Ego4D — Around the World in 3,025 Hours of Egocentric Video

Ego4D is the largest egocentric human activity video dataset ever assembled, developed by Meta AI Research in collaboration with over 50 institutions across 9 countries. Released in 2022 under the Ego4D Research License for non-commercial use, it contains 3,025 hours of egocentric video recorded by 931 camera wearers across diverse daily activities including cooking, construction, health activities, sports, and social interactions captured in 74 worldwide locations. The dataset includes rich annotations covering narrations, temporal action segments, object interactions, and social interaction segments. Ego4D provides the largest source of human demonstration data for robot learning pre-training, particularly for egocentric manipulation policy training. Access requires signing the Ego4D license agreement.
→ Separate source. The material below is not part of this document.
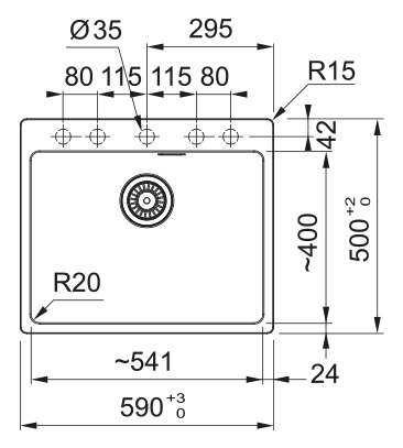 - Отверстие под смеситель: сформированные с обратной стороны 5х35 мм.
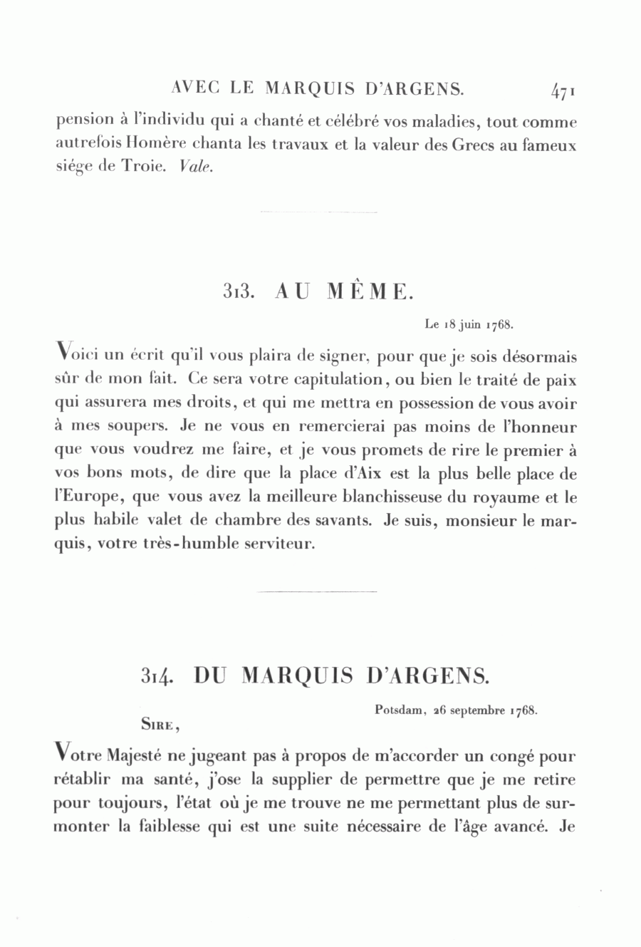 Voici un écrit qu'il vous plaira de signer, pour que je sois désormais sûr de mon fait. Ce sera votre capitulation, ou bien le traité de paix qui assurera mes droits, et qui me mettra en possession de vous avoir à mes soupers. Je ne vous en remercierai pas moins de l'honneur que vous voudrez me faire, et je vous promets de rire le premier à vos bons mots, de dire que la place d'Aix est la plus belle place de l'Europe, que vous avez la meilleure blanchisseuse du royaume et le plus habile valet de chambre des savants. Je suis, monsieur le marquis, votre très-humble serviteur.

The dataset has been used to pre-train vision encoders and action models that transfer to robot manipulation tasks, bridging the gap between human and robot data.

Dataset specifications
Year	2022
Total hours	3,025
Frame rate	30 fps
Embodiments	human (wearable camera)
Modalities	rgb, audio, language
View type	egocentric
Task categories	manipulation, cooking, cleaning, dishwashing, folding, construction, human-robot-interaction, long-horizon
Data format	mp4, json
License	Ego4D License — non-commercial research only
Access	gated
Maintainer	Meta AI Research, University of Indiana, 50+ global institutions
Origin country	US

What is it?

Who is it for?

Ego4D is primarily used to pretrain vision encoders and action models for robot learning. Human egocentric video provides a vastly larger and more diverse source of manipulation demonstrations than any robot-collected dataset — humans performing everyday tasks generate implicit robot training signal when the tasks overlap. Researchers use Ego4D to pretrain visual representations that then transfer to robot manipulation, reducing the amount of real-robot data needed for policy training.

Key specifications

Duration: 3,025 hours of egocentric video
Camera wearers: 931 participants
Locations: 74 worldwide locations across 9 countries
Frame rate: 30 fps
Annotations: Narrations, temporal actions, object interactions, social interactions
Format: MP4, JSON annotations
License: Ego4D License — non-commercial research only
Access: Gated — requires signing Ego4D license agreement

How it compares

Ego4D is by far the largest egocentric dataset available (3,025 hours vs EgoVerse's 1,213 hours), but covers human activities rather than robot demonstrations directly. EgoVerse provides real robot demonstrations in egocentric format with task labels — more directly usable for robot policy training. Ego4D's value is scale for pretraining visual representations; EgoVerse's value is task-labelled robot demonstrations.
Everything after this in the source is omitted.